More than 5400 employees have been laid off by tech startups in the past two weeks according to data compiled by Layoffs.fyi. The San Francisco Bay Area alone has more than 2237 employees on the list. As per the same site, in May, the number of startup layoffs was 1360, which is a 64% increase in just a month.
Forbes confirms that this lay-off count over a two-week period is a lot more than any cut in any full month, since January 2021. Citing data from Pitchbook, Forbes says, more than $329 billion was poured into US-based startups last year, double the capital deployed in 2020.
Tomasz Tunguz of early-stage VC firm, Redpoint Ventures, tells Forbes, “No one knows where the market is anymore.” Startups were pushed to grow as fast as they could six months ago, he says, and “Today, I think with more companies than not, we’re being conservative in terms of hiring and burn.”
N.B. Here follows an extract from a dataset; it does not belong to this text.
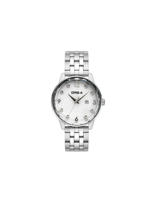 DAS.4 Γυναικείο Αναλογικό Ρολόι 2031100781, με λευκό φίλντισι καντράν και μπρασελέ από ανοξείδωτο ατσάλι σε ασημί χρώμα. Στο εσωτερικό μέρος του καντράν υπάρχει ξεχωριστή ένδειξη Ημερομηνίας και οι κεντρικές ενδείξεις της ώρα απεικονίζονται με αριθμούς, ενώ οι υπόλοιπες με ζιργκόν, DAS.4.

Speaking to Bloomberg, Bilal Zuberi, partner at the VC firm Lux Capital, justifies job cuts, “The world is falling apart and we need to act accordingly.”
As the war in Ukraine is causing unpredictable macroeconomics upheaval, “A decade-long run of low interest rates that enabled investors to take bigger risks on high-growth startups is over,” says a NY Times write-up.
Bill Gurley, a VC investor in Silicon Valley earlier warned startups of “bubbly behavior”, now shares, “The ‘unlearning’ process could be painful, surprising and unsettling to many.”
“Growth at any price is just not enough anymore,” Mathias Schilling, a VC at Headline shares with NYT.
Bitcoin startup Coinbase which went public last year and has approximately 5,000 workers, recently announced 18% lay off of its full-time workforce. Fast Company shares what the CEO (Brian Armstrong) has written in an email to employees, “We appear to be entering a recession after a 10+ year economic boom.”
He writes, “A recession could lead to another crypto winter, and could last for an extended period. While it’s hard to predict the economy or the markets, we always plan for the worst so we can operate the business through any environment.”
Other tech startups like OneTrust, StitchFix, Crypto.com, BlockFi have laid off 25%, 15%, 5%, 20% of the workforce respectively. The cuts are likely to grow as the Crypto market has also seen its biggest drop since March 2020, directing U.S. markets to continue to reach rock bottom.
The major difference between lay-offs in 2022 and 2020 is that many companies laying off people now are already capitalized, and were named Unicorns just last year. Cuts of 2020 could easily be cited to the pandemic that complicated growth plans, whereas, in 2022, cuts are coming right after the companies boasted insane growth just months earlier.
The slowing economy could also have a short to medium-term impact on immigrant-led diversity in the Bay Area, which in turn could affect innovation.
Techcrunch documents how international workers face additional problems when laid off as it puts their visa status in a flux. It reads, “Even as companies put together spreadsheets or resume support, the added volatility could mean talented workers are forced to leave the United States altogether, and pursue a better life somewhere else.”